Book review

Title: Information Hunters: When Librarians, Soldiers, and Spies banded together in World War II Europe

Author: Kathy Peiss
Publisher: Oxford University Press, 2020

Review by Bob Lane

This book tells a story that has not been told before. It tells the story of the many people who saved the documents, books and pictures produced by the Nazis in WWII. As the author tells us in the Prologue “This book grew our of a chance discovery of an online memorial to an uncle I never knew. Reuben Peiss had been a librarian at Harvard when World War II began … and he was recruited into the Office of Strategic Services, the nation’s first intelligence agency.” This reviewer came across the book while doing research on an old professor of mine, Douwe Stuurman. Stuurman is one of the soldiers who contributed to the finding and saving of truckloads of books, documents, pictures, and writings of the time.

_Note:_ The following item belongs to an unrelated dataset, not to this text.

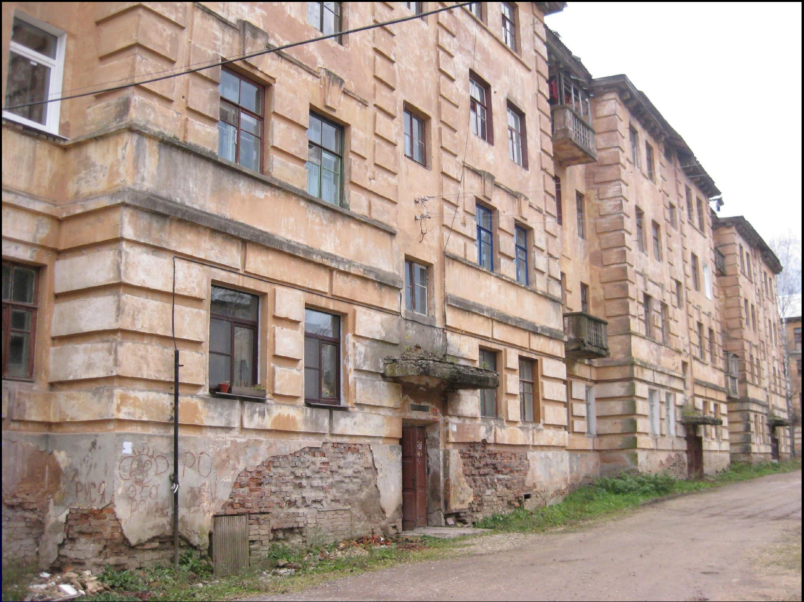
Дом ,в котором жил Г.С. Титов со своей семьей

Peiss writes: “Stuurman prepared four freight cars of materials for shipment in February 1946, paying out of pocket for labor and hiring a German moving agency, both against regulations. He marveled at their finds – political pamphlets, Jewish literature, Nazi periodicals, newspapers “of all political colorings, illegal and ‘auslandsdeutsche’ newspapers too” recordings of Nazi speeches, millions of newspaper clippings “reflecting the Nazis in the world press” and 50,000 posters,

“This was an unparalleled relationship between the government, military, and American libraires, one that libraries embraced not only out of patriotic duty but as an opportunity.” As the story unfolds, we learn of the many people (Archibald MacLeish, William Donovan, Herbert Hoover, General Lucius Clay, Hannah Arendt, Lucy Dawidowitz and a number of obscure individuals) who participated in the massive tasks to discover and save the publications that as the war progressed the Nazis were so anxious to destroy or hide. The book is carefully documented and consists of:

            Acknowledgements

            Prologued

            Introduction

  1. The Country of the Mind Must also Attack
  2. Librarians and Collectors Go to War
  3. The Wild Scramble for Documents
  4. Acquisitions on a Grand Scale
  5. Fugitive Records of War
  6. Book Burning – American Style
  7. Not a Library, but a Large Depot of Loot

Conclusion

Epilogue

Notes (lots and lots of notes)

Index (a very useful and complete index)

Each chapter advances the fascinating story of the massive attempt to discover and save the many documents and books – to determine which were of value (initially to the winning of the war) and then which would be useful in trying the Nazi leaders at the war crimes trials. One of the fascinations of the book is the many old pictures which accompany the story and help to give it a feel of authenticity.

As you can imagine the story includes the many questions that such a project would raise: What about copyright? Who owns these documents and books? How to insure that materials taken from private libraries are accounted for and possibly returned? What to do to be sure that the war time documents get to the right people? The sheer size of the operation is amazing. Stuurman was responsible for finding and securing boxcar loads of Nazi material in the final years of the war and into the occupation. The problems were exacerbated by the post war division of Berlin and by the ongoing disagreements among wartime “partners” as the cold war progressed.

The book is carefully researched, written with care and skill, and provides an additional warning about the horrors of wartime.

Bob Lane is Professor Emeritus Philosophy at Vancouver Island University and the author of Reading the Bible: Intention, Text, Interpretation.